Wally and Ginger are part of the music ministry at Spring Avenue Nazarene Church in Decatur.
“We can be gone anytime we want,” said Ginger. “It’s not like we’re regular staff members. If we want to be off, we can be off. We still like to be with our sons.”
The couple’s older son, Kip, is a district superintendent of the United Methodist Church, based in Tuscaloosa. Kip and his wife, Tammy, a schoolteacher, have two children, a daughter, Kaitlyn, a freshman at Birmingham Southern, and a son, Landon, a sophomore in high school.
Younger son, Kylan, is a software instructor who travels on his job.
Singing since 4
Ginger, of Cummings, Ga., has been singing since she was a child.
“I started singing when I was 4 years old in church and school functions,” said Ginger. “Back then, everything happened around church and school. At 10, I began singing at funerals and at 13 I began singing with a quartet. I sang all the way through high school and moved to Nashville right after graduation.
“In Nashville, I started singing with The Speer Family. At the same time, Wally had begun singing with The Tennesseans. The Speer Family was all family except for me. They had a daughter who left the act and I replaced her.”
It was while both Ginger and Wally were singing with separate gospel quartets that they met in Nashville during a performance on a local television show.
“The Speer Family sang on live TV every day at 6:30 a.m. for a 30-minute show, five days a week,” said Ginger. “At night we did concerts within the 200 miles of our coverage area. Wally was with the Tennesseans and they were with another live program. But his group was a guest on our program one morning. That was the first time we met.
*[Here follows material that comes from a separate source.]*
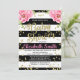 Elégante invitation au baby shower noir et blanc avec accents de parties scintillant rose et or

He says I asked him out the first time.”
That was in 1959 and the couple was married in 1962. Occasionally, the two groups had worked together in concerts. The first time they performed as a duet was in Toronto.
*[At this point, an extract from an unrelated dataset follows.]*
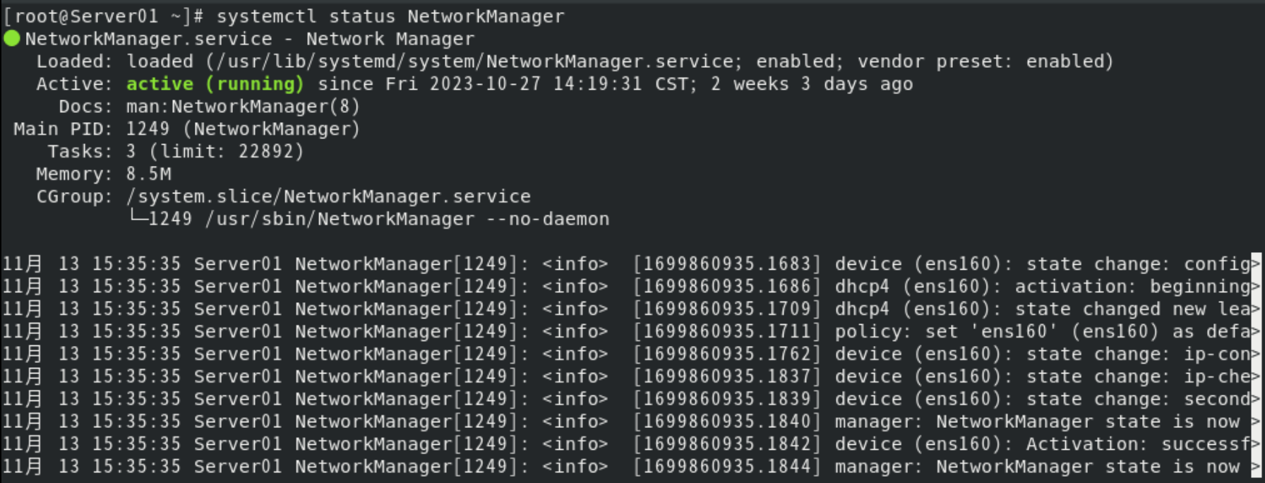 (1) 写出查看NetworkManager服务状态的命令。 [root@Server01 ~]# systemctl status NetworkManager

“We decided that we would make a good team,” said Ginger.
The couple stayed in their separate groups for a year and a half after they were married, before they broke away as a separate gospel duet.
Traveled everywhere
During their traveling years, the couple performed in almost every state in the U.S., in Canada, the Holy Land, Barbados and the Bahamas.
“We sang on anything — the back of a truck, under canvas, just anything you could think of,” said Wally.
After the children were born, the couple bought an Airstream trailer and took the boys with them on the road.
“We had an arrangement with East Limestone School where they could come in and take their tests,” said Ginger. “We had a teacher who traveled with us for two years and taught them on the road.”
“We made sure they began school in the fall and stayed in for at least three weeks before we would leave,” said Wally.
“We stayed with the school curriculum week by week,” said Ginger. “In Kip’s last year of high school we had a great aunt who came in here and stayed and he was mascot for the football and basketball teams.”
Wally said when they had to stay in motels, they made them as home-like as possible.
“After we got rid of the trailer we lived in motels,” he said. “We would turn up the furniture to make tents. The maids would stay out of the rooms and leave them because they knew what we were doing most of the time.”
Signature songs
Both Wally and Ginger said they would be hard pressed to name a “signature song” from the numerous gospel albums they’ve recorded.
“I would say the songs we get the most requests for are “Going Home,” “There is a River,” and “Child of the King,” said Wally.
Kip and Kylan cut their own album in 1976, “Big Sounds for Little Ears.” They have some guest artists on the album and acts with Kip’s puppet, “Archie.”